O universalismo também ganhou uma fortíssima expressão com os pictogramas desenhados para Tokyo 1964 por Yamashita Yoshirô na equipe de Katsumi Masaru. A influência dessa abordagem sistêmica do design chegou ao conhecimento de Otl Aicher, um dos fundadores da HfD Ulm que desenvolveu, por sua vez, o programa de design de Munique 1972. Em comum, os designs de Tokyo e de Munique tinham como ambição a de superar barreiras de nação e raça, direcionando-se, assim, para uma “aldeia global” que seria capaz de compreendê-las e a expressão dessa ambição se dava por meio de uma abordagem sistêmica. A “imagem total” que dela emergia era, para os designers com ela comprometidos, a afirmação de democracia, isto é, um sistema imagético aberto à participação e de livre recepção do público e não uma imposição totalitária de uma imagem.

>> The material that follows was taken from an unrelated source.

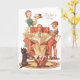Retro / Vintage Father's Day greeting card. Dad is sitting in his armchair and reading the newspaper while mum walks by with a freshly baked cake, puppy brings slippers, and son lights his pipe! An old fashion Father's Day!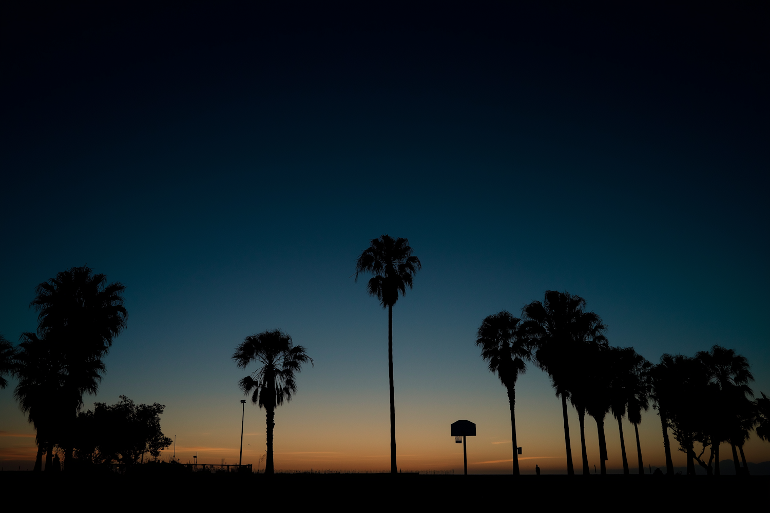 A calm twilight scene with silhouetted palm trees, a Venice basketball court, and people against a serene gradient evening sky.

Ora, essa crença foi, aos poucos, se desfazendo pelas próprias contradições. Em parte porque seus ideais humanistas foram abalados pelo intenso uso da abordagem sistêmica pelas grandes corporações e seus interesses econômicos. E, por outro lado, pela percepção de que a própria ideia de universalismo e, em particular, a de um “homem universal” é eurocêntrica e etnocêntrica. Ela é, portanto, excludente. Se o encontro de Katsumi e Aicher no World Design Conference de 1960 gerou alguns dos frutos mais maduros do design moderno, em 1972 ele já dava sinais de esgotamento. Com efeito, neste mesmo ano, o programa de design dos Jogos de Inverno de Sapporo, sempre supervisionado por Katsumi, incorporava elementos não-modernos, pré-modernos e autóctones. Esse percurso de Jilly por entre os programas de design dos jogos olímpicos nos ajudam a perceber o quanto a linguagem modernista foi tensionada por linhas de conflitos temporais (entre a tradição e a modernidade) e de conflitos espaciais (entre o local e o global) num determinado contexto histórico e geográfico. A maestria do design de Tokyo 1964 foi sua capacidade de conciliá-los em uma forma que soube expressar os ideais do universalismo tão necessários àquele momento do pós-guerra sem deixar de expressar a cultura local.

Não é o objetivo aqui traçar qualquer análise comparativa entre esses programas de design e o que foi desenvolvido para o Rio 2016. Nos contentemos com algumas linhas antes de avançar em direção à segunda parte do livro de Traganou. Em linhas gerais e em termos formais, a marca Rio 2016 é,reconhecida em parte como representação de uma nação ou identidade nacional mas, principalmente, como um retrato do Rio de Janeiro: as formas arredondadas, as cores vivas e até a opção por uma marca escultural (em três dimensões) remetem-na diretamente à paisagem carioca. E, em termos de discurso, podemos dizer que a ideia de universalismo desapareceu quase que por completo. No site da Tátil Design, encontramos a descrição do projeto colaborativo de criação que resultou em “uma marca humana, feita da mistura de povos, atletas e culturas. Uma marca que acolhe com um abraço e tem um jeito apaixonante de celebrar. Uma forma que revela o Pão de Açúcar e é espelho vivo da natureza exuberante do carioca e da cidade.”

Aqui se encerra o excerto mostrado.